Take, for instance, government projects. The last central cabinet was excellent at this. It would announce that so many miles of highways were being constructed or so many kilometres of railway tracks were being added. But there was no budget and no will to implement these plans. All the money available went to social schemes such as the Mahatma Gandhi National Rural Employment Guarantee Act.

These are involuntary developments. But the government can be in more active job destruction mode. Take the number of permissions required to set up a new business unit. This is the era of startups between an Ola and a Uber or between an E-bay and a Quikr is a matter of who comes first. An early government go ahead is thus imperative.

According to doingbusiness.org, in India you need an average of 13 days and 30 procedures to set up a company. And that's being lucky. Other people who generate the same statistic place it at much higher. One of the first promises Modi made when he was voted to power was to make it easier to do business in India. But evidence of the ground shows that we still have a long way to go.

The real reason is that Indians are overly fond of heritage. For very many years the Union Budget used to be presented at 5 pm. Ever wondered why? It's a tradition which started with the House of Parliament in London (which is five-and-a-half hours removed in time) commencing the day's proceedings at 11 am. This would give punters on the London stock exchange a chance to buy and sell their India securities. By the same yardstick, laws remain on our books which have no relevance to the environment today. Some heinous crimes attract a fine of just Rs 1,000. At the same time, the punishment includes a prison sentence of 20 years. At one time perhaps, 20 years was comparable to Rs 1,000. Today Rs 1,000 is something you give a monkey when you run out of peanuts.

Every year, new laws are enacted. Take the minimum salary as prescribed by the government. It is nobody's case that there should not be a minimum salary; in its absence workers can be exploited. But the government feels it is at liberty to dictate how much should be given. The Payment of Gratuity Act and the Payment of Bonus Act are self explanatory. Just like the minimum support price for sugarcane, for instance have driven mills out of business, all payments made in a policy vacuum and ignorance of the real nature of the harvest can lead to disaster. But, then, farmers are a very strong lobby.

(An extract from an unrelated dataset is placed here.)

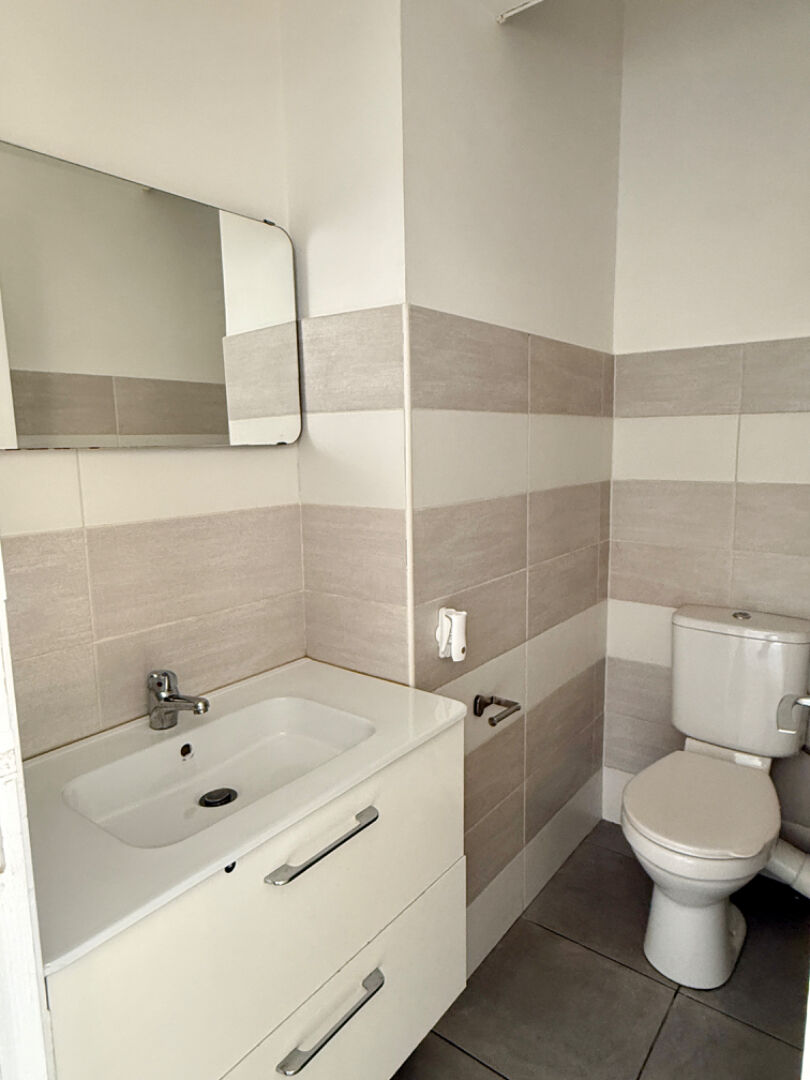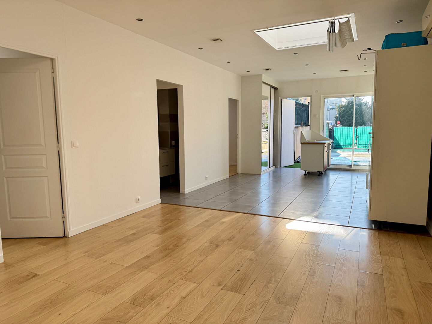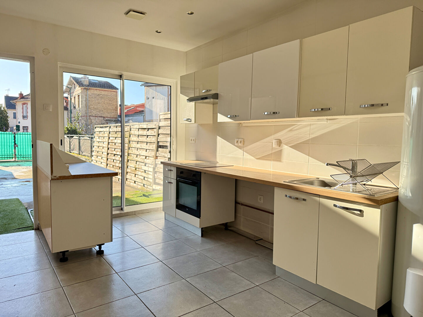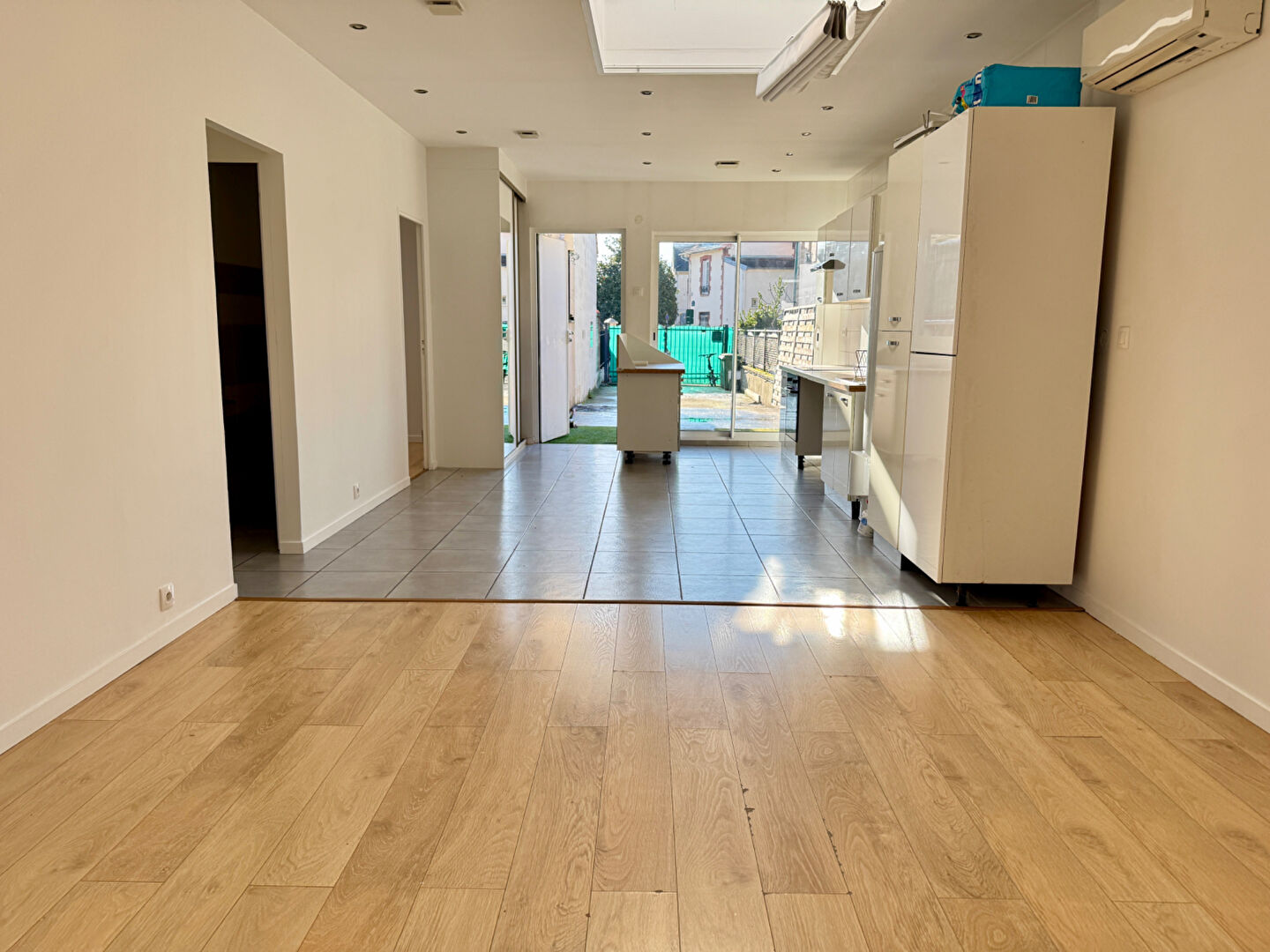 Proche T2, dans rue pavillonnaire calme, maison de 4 pièces principales de plain pied comprenant : entrée sur grande pièce à vivre de 40 m2 environ, 3 chambres équipées chacune d'une salle d'eau privative ( 2 douches et 1 baignoire), wc séparé, terrasse exposée plein Sud et accès voitures. Idéal pour colocation de 3 personnes. Libre de suite.

There are several other ways in which the government destroys jobs. The labour laws of the land would apparently seem to encourage job continuity. But the truth is just the reverse. Several industrial units have closed down because the government failed to recognise this. The mills in Mumbai - stark eyesores now being converted into residential property - are a testimony to this short sightedness.

In other places, workers were given a voluntary retirement scheme. Any government may start with the best of intentions but the involuntary consequences of its actions can cripple labour. So is it not better for the Prime Minister and the rest of his tribe to concentrate on meeting leaders from other countries. That way everyone is kept busy - and happy.